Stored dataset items
• • • • •

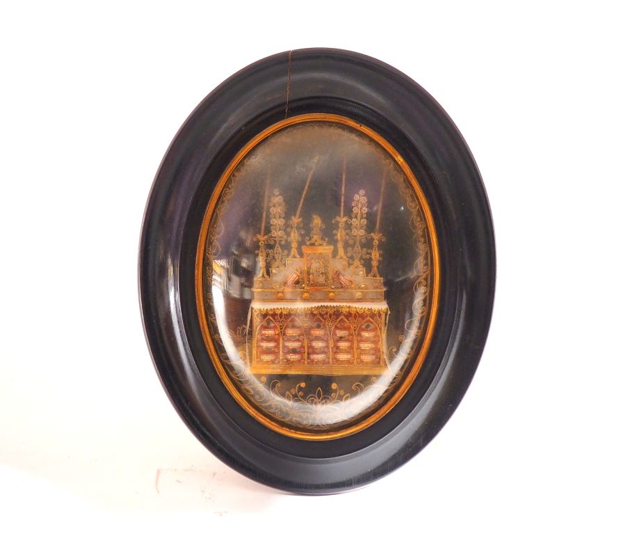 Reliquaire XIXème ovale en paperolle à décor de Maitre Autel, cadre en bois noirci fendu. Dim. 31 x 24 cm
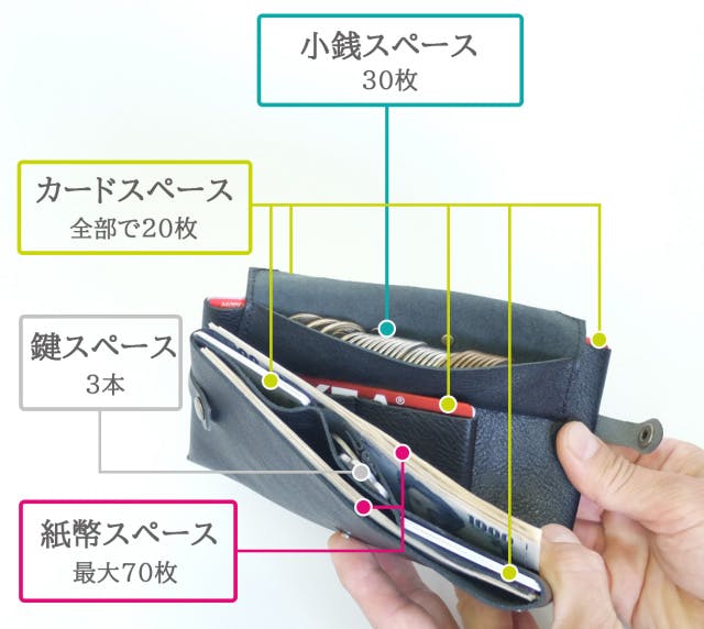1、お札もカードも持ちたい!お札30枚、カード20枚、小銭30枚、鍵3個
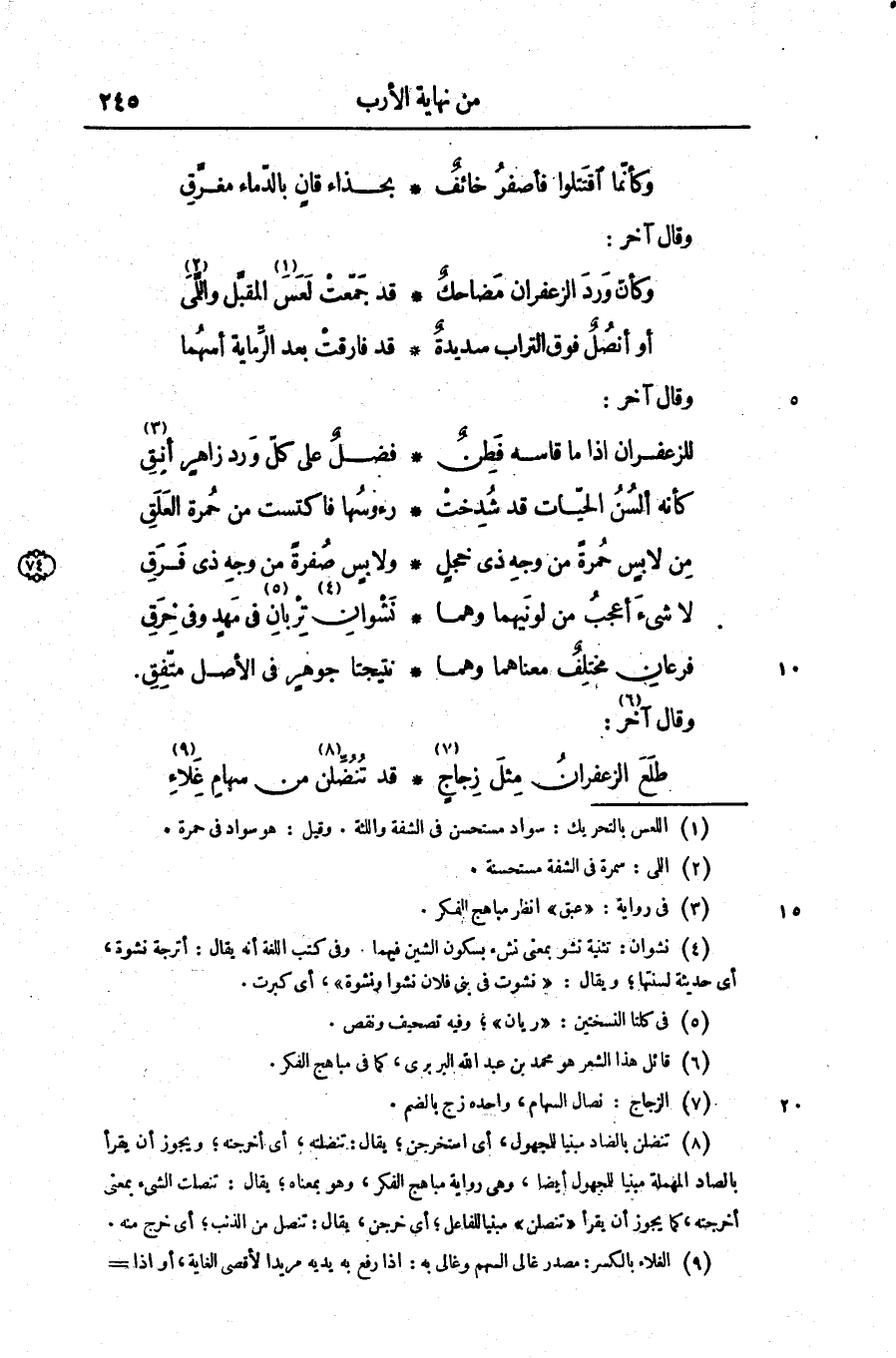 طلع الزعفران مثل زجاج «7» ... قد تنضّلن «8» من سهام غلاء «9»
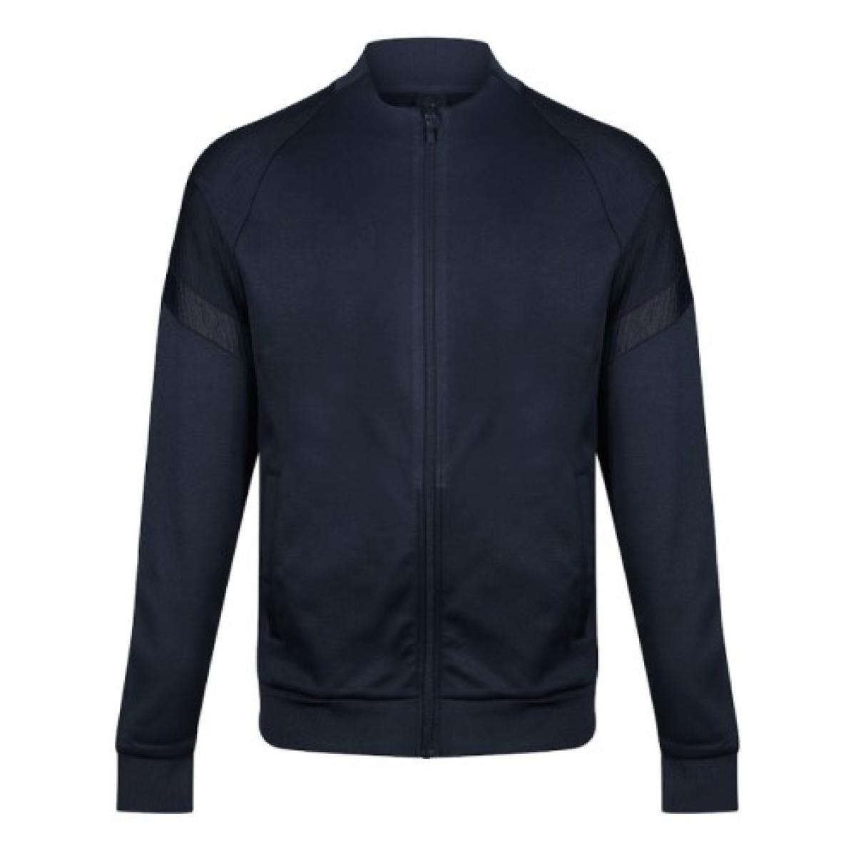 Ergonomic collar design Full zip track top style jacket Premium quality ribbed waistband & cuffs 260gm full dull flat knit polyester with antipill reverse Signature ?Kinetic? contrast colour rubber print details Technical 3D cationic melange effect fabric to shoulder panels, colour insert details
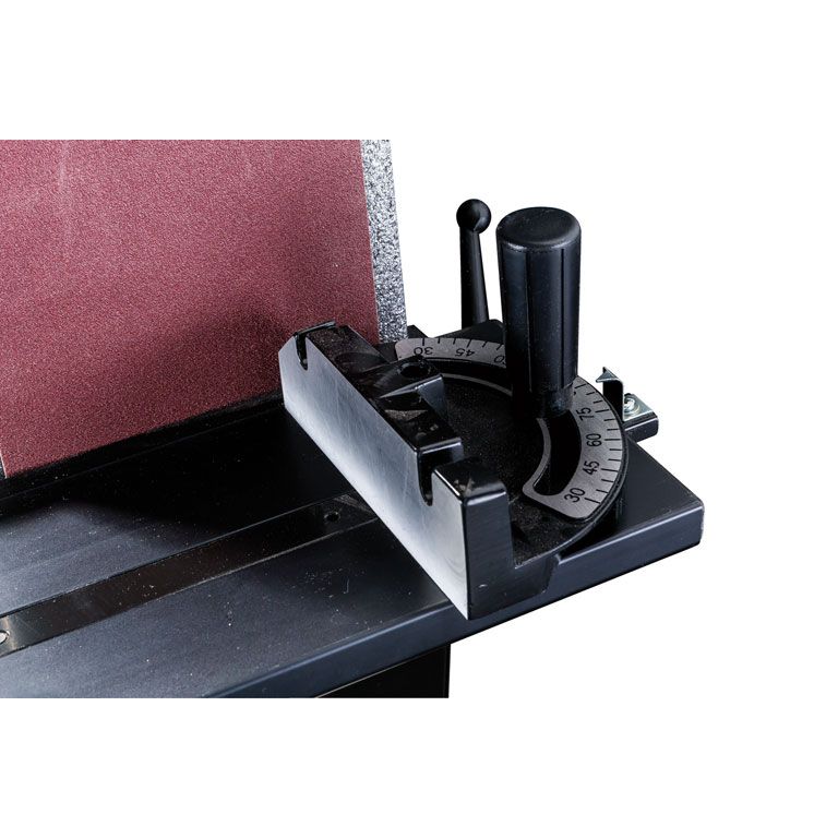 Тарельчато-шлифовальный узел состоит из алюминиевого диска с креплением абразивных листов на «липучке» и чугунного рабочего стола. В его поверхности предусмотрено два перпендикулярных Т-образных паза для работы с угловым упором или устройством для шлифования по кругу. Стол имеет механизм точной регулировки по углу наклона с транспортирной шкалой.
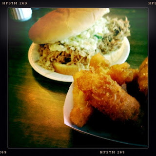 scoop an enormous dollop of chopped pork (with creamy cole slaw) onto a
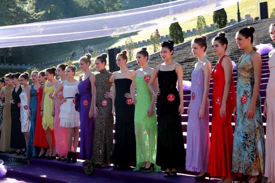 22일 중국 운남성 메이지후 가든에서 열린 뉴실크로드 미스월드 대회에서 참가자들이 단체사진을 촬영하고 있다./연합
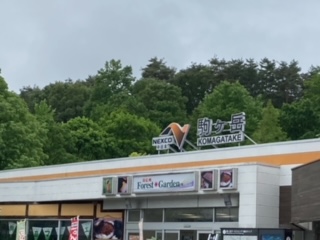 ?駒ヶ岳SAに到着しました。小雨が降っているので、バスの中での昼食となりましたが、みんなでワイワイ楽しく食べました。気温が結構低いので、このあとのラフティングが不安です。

• • • • •

**WORK REQUIRED**:
Write the entries above out again exactly, but not the pictures.

**SOLUTION TO THIS PROBLEM**:
 Reliquaire XIXème ovale en paperolle à décor de Maitre Autel, cadre en bois noirci fendu. Dim. 31 x 24 cm
1、お札もカードも持ちたい!お札30枚、カード20枚、小銭30枚、鍵3個
 طلع الزعفران مثل زجاج «7» ... قد تنضّلن «8» من سهام غلاء «9»
 Ergonomic collar design Full zip track top style jacket Premium quality ribbed waistband & cuffs 260gm full dull flat knit polyester with antipill reverse Signature ?Kinetic? contrast colour rubber print details Technical 3D cationic melange effect fabric to shoulder panels, colour insert details
 Тарельчато-шлифовальный узел состоит из алюминиевого диска с креплением абразивных листов на «липучке» и чугунного рабочего стола. В его поверхности предусмотрено два перпендикулярных Т-образных паза для работы с угловым упором или устройством для шлифования по кругу. Стол имеет механизм точной регулировки по углу наклона с транспортирной шкалой.
 scoop an enormous dollop of chopped pork (with creamy cole slaw) onto a
 22일 중국 운남성 메이지후 가든에서 열린 뉴실크로드 미스월드 대회에서 참가자들이 단체사진을 촬영하고 있다./연합
 ?駒ヶ岳SAに到着しました。小雨が降っているので、バスの中での昼食となりましたが、みんなでワイワイ楽しく食べました。気温が結構低いので、このあとのラフティングが不安です。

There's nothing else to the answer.